38. Применение композиции по п. 36, где кожное воспалительное заболевание или состояние выбирают из группы, включающей рубцевание, дерматит, пролиферативное заболевание или состояние, заболевание или состояние тучных клеток, ожог или контакт с аллергеном и/или раздражающим веществом.

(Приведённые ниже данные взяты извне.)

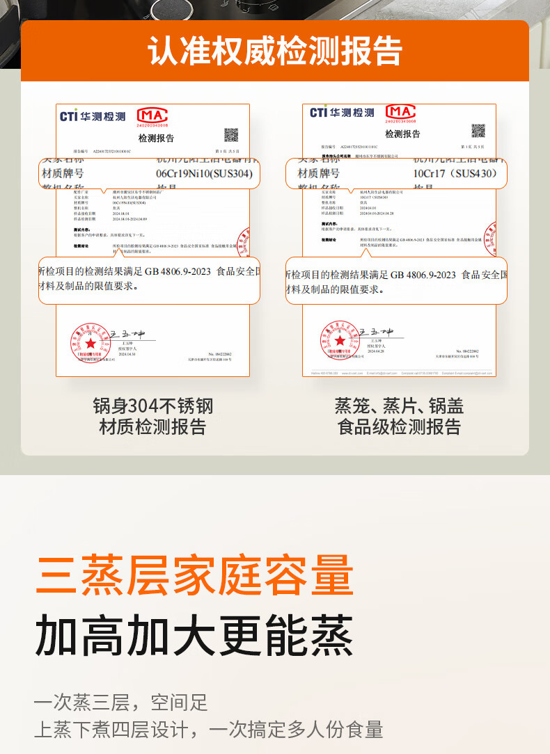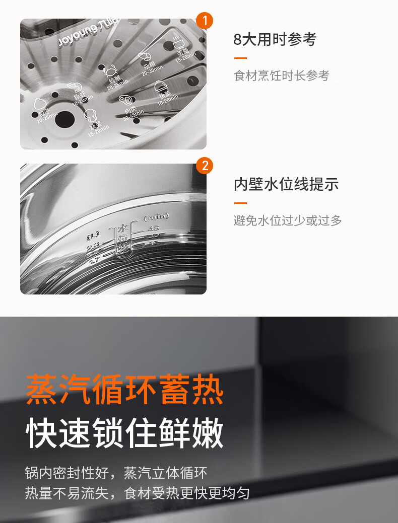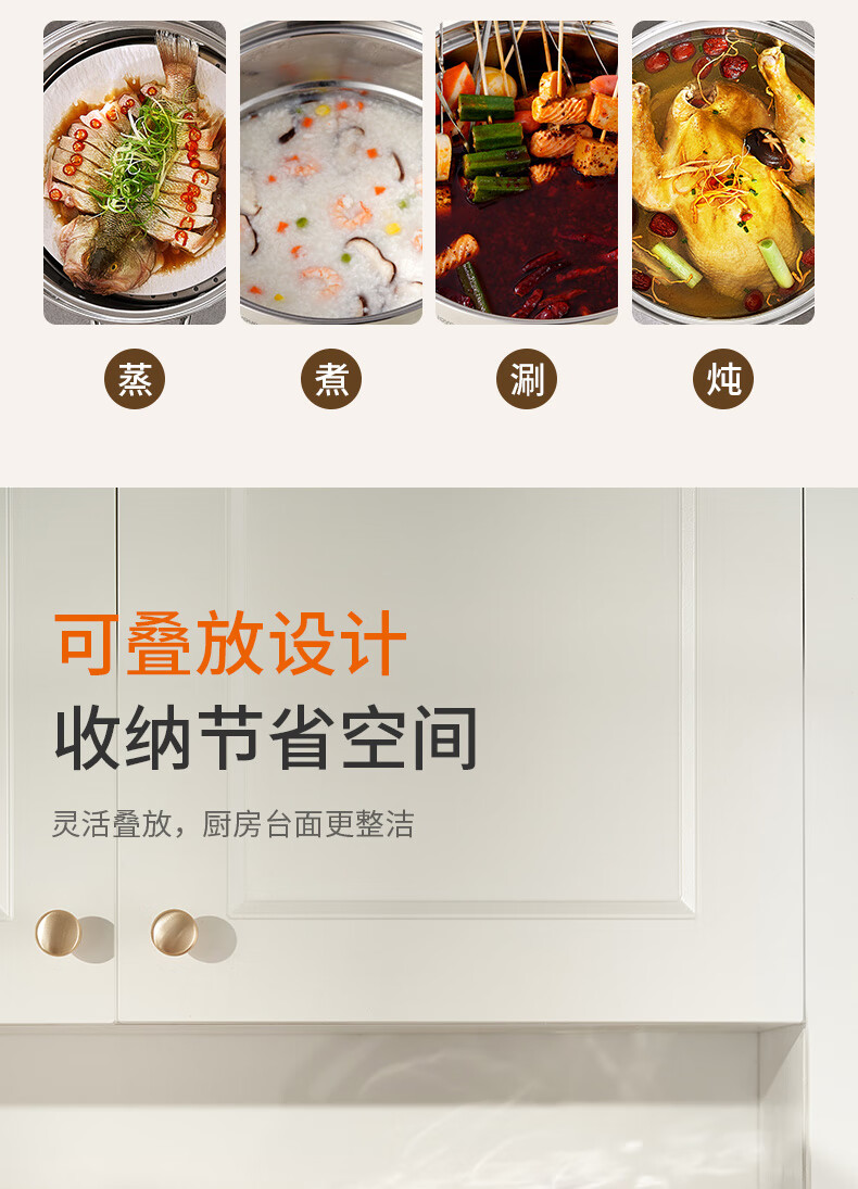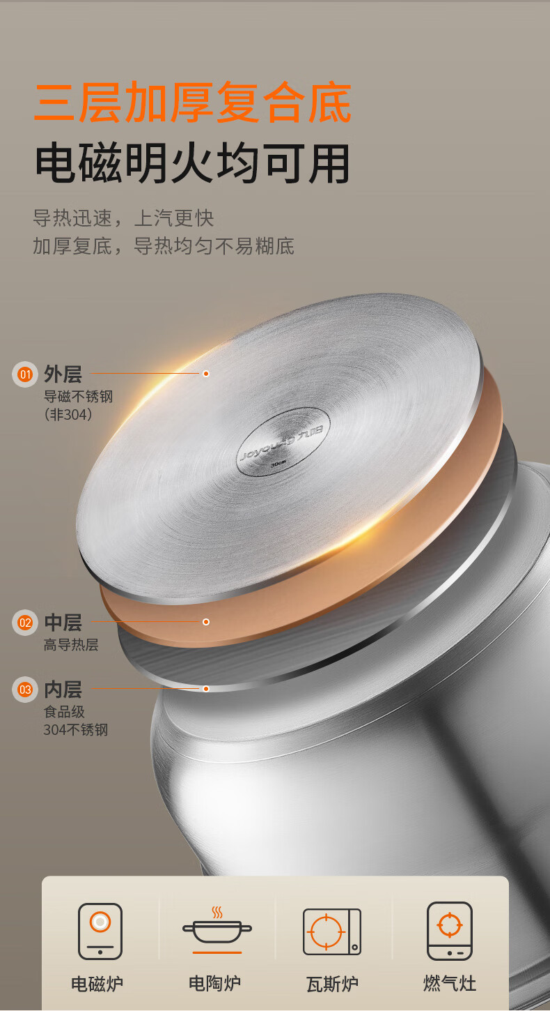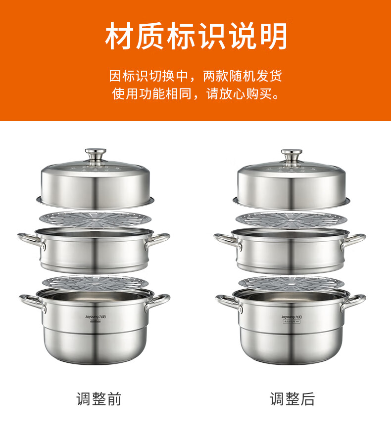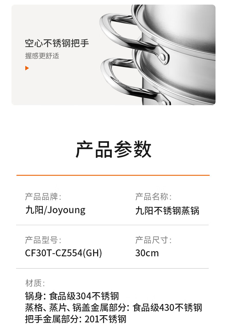 Joyoung 304 stainless steel steamer three-layer large capacity household steamed buns and steamed buns stew pot gas stove induction cooker universal CZ554 3-layer 30cm

39. Применение композиции по п. 36, где кожное воспалительное заболевание или состояние выбирают из группы, включающей атопический дерматит, буллезные расстройства, коллагенозы, псориаз, псориатические поражения, себорейный дерматит или контактный дерматит, экзему, крапивницу, зуд, розацею, узловатую почесуху, гипертрофическое рубцевание, образование келоидных рубцов, склеродермию, келоидный фолликулит затылка, болезнь Кавасаки, синдром Шегрена-Ларссона, болезнь Гровера, ожог первой степени, ожог второй степени, ожог третьей степени, ожог четвертой степени, муциноз кожи, солнечный кератоз, плоскоклеточный рак или меланому, астеатозную экзему, монетовидную экзему, экзему рук, гравитационную/варикозную экзему, экзематозный лекарственный дерматит, простой лишай, склероатрофический лишай, красный плоский лишай, раздражающий аллергический контактный дерматит, фотоаллергический дерматит/дерматит, обостряющийся от воздействия света, инфекционный дерматит, вторичный по отношению к бактериальной/вирусной/грибковой инфекции, зудящие заболевания, включая те, которые связаны с хроническими системными расстройствами, такие как уремический зуд, холестатический зуд, блашкит взрослых, аквадиния, аквагенный зуд, перуанский бальзам, зуд при желтухе, брахиорадиальный зуд, зуд, обусловленный действием лекарственного средства, зуд, вызванный гидроксиэтилкрахмалом, зудящие точки, простой хронический лишай, нейродермит, зуд при прионных болезнях, почесуха, почесуха пигментная, почесуха простая, анальный зуд, зуд мошонки, генитальный зуд, зудящие пятна, рефлекторный зуд, почечный зуд, зуд кожи головы, старческий зуд, ксеротическая экзема, зуд, связанный с ВИЧ-инфекцией, Т-клеточная лимфома, синдром Сезари и грибовидный микоз.

40. Применение композиции по п. 36, где кожное воспалительное заболевание или состояние выбирают из атопического дерматита и псориаза.

41. Применение композиции по п. 36, где композиция содержит дополнительные терапевтические агенты.